**EXTRACTED MATERIAL**
..........

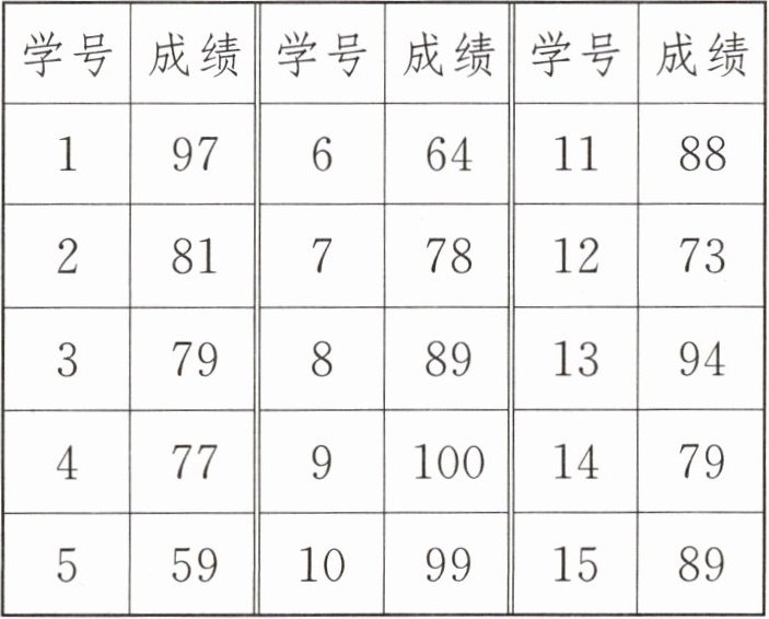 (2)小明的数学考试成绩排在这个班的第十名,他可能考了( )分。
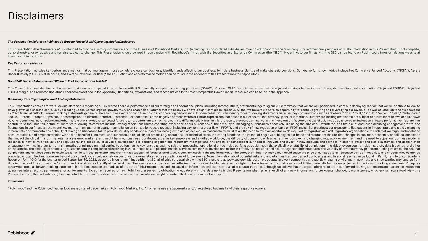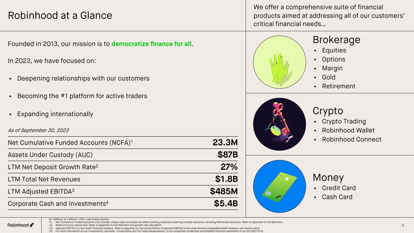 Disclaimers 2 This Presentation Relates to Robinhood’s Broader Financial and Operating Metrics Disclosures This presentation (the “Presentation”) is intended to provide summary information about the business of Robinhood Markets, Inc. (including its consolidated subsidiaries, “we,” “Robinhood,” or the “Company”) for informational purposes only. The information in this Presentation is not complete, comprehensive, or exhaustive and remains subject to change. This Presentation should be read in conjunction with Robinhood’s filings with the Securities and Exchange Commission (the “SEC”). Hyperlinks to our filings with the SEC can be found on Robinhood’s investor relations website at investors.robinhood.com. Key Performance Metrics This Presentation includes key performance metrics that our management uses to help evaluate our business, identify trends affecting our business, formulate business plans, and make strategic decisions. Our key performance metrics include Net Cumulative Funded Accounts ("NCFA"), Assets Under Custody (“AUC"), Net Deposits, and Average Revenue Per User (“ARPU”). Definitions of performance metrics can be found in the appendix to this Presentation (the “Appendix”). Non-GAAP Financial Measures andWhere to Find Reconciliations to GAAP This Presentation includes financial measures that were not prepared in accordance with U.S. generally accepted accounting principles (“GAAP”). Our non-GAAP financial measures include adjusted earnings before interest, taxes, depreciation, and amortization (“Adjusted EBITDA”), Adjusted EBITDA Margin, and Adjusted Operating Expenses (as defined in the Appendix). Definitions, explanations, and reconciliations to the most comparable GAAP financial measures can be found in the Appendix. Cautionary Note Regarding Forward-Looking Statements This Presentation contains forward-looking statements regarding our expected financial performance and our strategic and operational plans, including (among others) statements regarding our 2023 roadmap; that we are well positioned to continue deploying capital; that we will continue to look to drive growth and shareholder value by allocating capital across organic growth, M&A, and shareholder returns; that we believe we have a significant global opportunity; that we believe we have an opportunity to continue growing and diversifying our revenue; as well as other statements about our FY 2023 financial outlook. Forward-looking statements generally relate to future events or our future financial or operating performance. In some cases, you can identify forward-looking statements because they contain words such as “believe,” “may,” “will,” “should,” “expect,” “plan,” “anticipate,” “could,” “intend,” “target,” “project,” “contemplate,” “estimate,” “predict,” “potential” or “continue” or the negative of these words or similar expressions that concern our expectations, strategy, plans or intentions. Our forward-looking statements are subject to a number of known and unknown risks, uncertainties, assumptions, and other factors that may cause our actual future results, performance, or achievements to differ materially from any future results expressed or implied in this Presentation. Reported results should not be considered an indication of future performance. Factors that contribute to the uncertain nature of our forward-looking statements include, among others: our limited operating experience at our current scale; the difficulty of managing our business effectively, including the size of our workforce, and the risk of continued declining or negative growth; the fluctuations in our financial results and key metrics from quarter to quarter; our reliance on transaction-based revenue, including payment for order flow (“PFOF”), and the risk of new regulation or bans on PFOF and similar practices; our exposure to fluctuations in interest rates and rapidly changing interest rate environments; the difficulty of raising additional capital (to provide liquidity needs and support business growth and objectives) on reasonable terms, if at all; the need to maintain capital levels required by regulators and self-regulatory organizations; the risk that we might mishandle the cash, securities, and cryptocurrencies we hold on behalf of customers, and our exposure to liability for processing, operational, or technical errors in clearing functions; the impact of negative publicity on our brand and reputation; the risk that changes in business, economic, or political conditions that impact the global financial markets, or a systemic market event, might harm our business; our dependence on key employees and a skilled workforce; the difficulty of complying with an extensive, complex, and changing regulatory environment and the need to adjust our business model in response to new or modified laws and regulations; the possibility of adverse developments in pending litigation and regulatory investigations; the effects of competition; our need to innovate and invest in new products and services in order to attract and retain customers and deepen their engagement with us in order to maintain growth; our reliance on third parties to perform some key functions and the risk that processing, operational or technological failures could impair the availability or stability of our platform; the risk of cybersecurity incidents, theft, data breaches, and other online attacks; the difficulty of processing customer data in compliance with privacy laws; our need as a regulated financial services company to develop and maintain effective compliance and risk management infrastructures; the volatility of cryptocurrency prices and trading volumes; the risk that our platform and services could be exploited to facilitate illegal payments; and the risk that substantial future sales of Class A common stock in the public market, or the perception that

..........

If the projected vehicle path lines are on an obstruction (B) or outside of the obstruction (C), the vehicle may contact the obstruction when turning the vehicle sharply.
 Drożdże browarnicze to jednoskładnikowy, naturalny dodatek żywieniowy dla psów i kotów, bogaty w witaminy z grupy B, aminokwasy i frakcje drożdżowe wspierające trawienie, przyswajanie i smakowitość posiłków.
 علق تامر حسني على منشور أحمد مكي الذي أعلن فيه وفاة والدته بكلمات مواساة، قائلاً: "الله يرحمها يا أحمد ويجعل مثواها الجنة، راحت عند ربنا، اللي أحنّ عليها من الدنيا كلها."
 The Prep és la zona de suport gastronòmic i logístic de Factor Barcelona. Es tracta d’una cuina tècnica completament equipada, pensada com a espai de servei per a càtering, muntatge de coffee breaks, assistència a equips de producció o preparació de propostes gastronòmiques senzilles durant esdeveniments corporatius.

..........

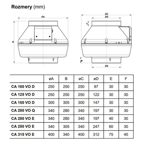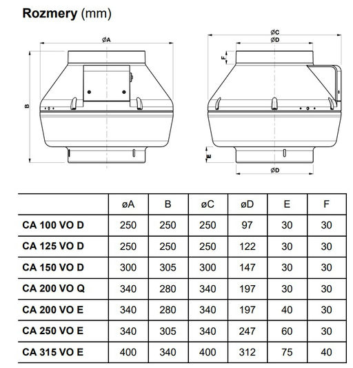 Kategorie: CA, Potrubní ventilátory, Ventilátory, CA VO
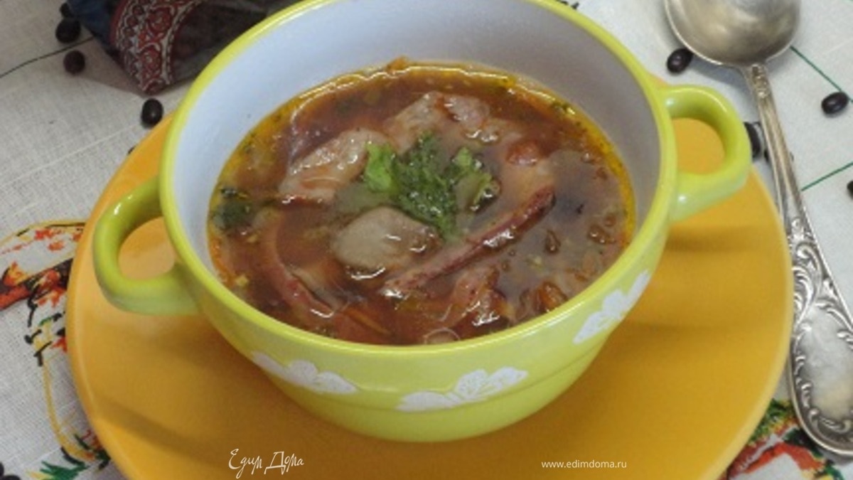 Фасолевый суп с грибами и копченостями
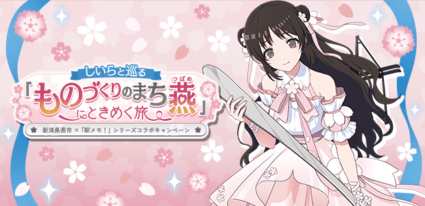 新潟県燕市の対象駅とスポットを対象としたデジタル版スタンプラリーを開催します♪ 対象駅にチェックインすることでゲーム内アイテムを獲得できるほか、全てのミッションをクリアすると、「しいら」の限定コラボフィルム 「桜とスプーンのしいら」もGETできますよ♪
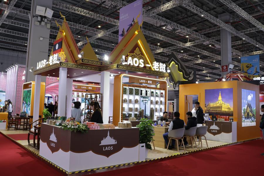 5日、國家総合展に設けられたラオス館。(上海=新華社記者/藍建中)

..........

Your answer should consist solely of the lines above from the line with "If the projected" to the line with "Drożdże browarnicze to", both included, reproduced exactly.

If the projected vehicle path lines are on an obstruction (B) or outside of the obstruction (C), the vehicle may contact the obstruction when turning the vehicle sharply.
 Drożdże browarnicze to jednoskładnikowy, naturalny dodatek żywieniowy dla psów i kotów, bogaty w witaminy z grupy B, aminokwasy i frakcje drożdżowe wspierające trawienie, przyswajanie i smakowitość posiłków.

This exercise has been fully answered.